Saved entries
--- START ---

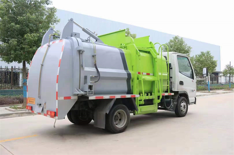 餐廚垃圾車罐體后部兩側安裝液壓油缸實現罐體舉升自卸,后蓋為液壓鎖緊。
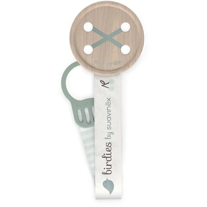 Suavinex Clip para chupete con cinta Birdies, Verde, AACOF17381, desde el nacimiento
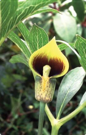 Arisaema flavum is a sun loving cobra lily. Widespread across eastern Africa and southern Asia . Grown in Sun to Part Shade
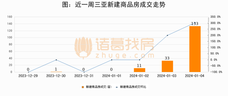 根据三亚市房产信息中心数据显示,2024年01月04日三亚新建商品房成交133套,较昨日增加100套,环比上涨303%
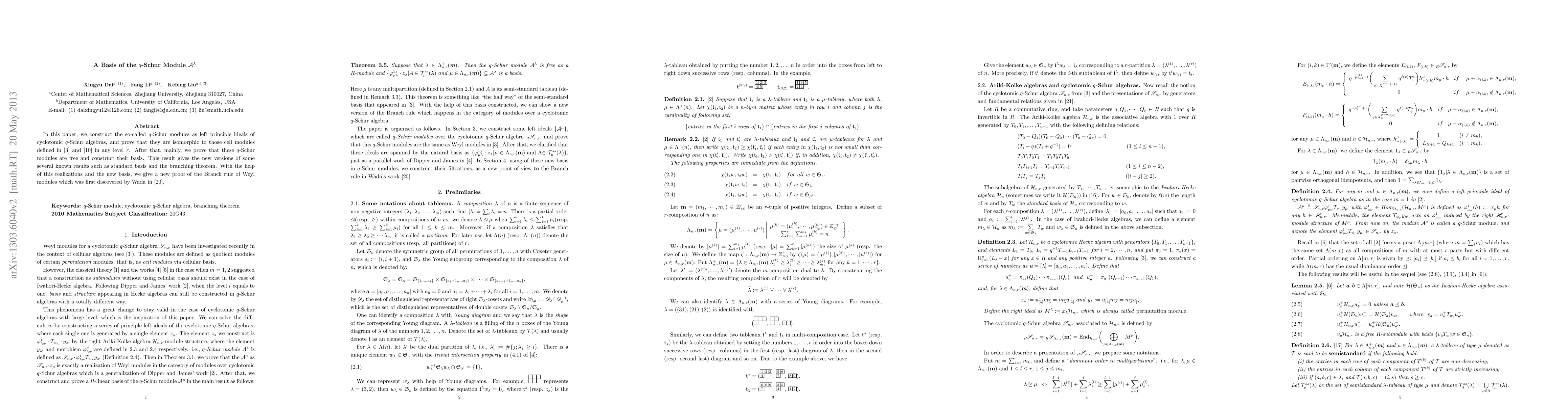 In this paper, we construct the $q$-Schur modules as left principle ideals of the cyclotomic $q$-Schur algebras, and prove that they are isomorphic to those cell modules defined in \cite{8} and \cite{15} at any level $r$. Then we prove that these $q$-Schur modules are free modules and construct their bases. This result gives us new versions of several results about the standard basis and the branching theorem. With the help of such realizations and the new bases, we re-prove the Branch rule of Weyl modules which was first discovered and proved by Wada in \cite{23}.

--- END ---

## What the task asks
Restate the lines of the records exactly, starting at the first and stopping after the line with "Arisaema flavum is". Leave out any picture.

## Answer to this task
 餐廚垃圾車罐體后部兩側安裝液壓油缸實現罐體舉升自卸,后蓋為液壓鎖緊。
 Suavinex Clip para chupete con cinta Birdies, Verde, AACOF17381, desde el nacimiento
 Arisaema flavum is a sun loving cobra lily. Widespread across eastern Africa and southern Asia . Grown in Sun to Part Shade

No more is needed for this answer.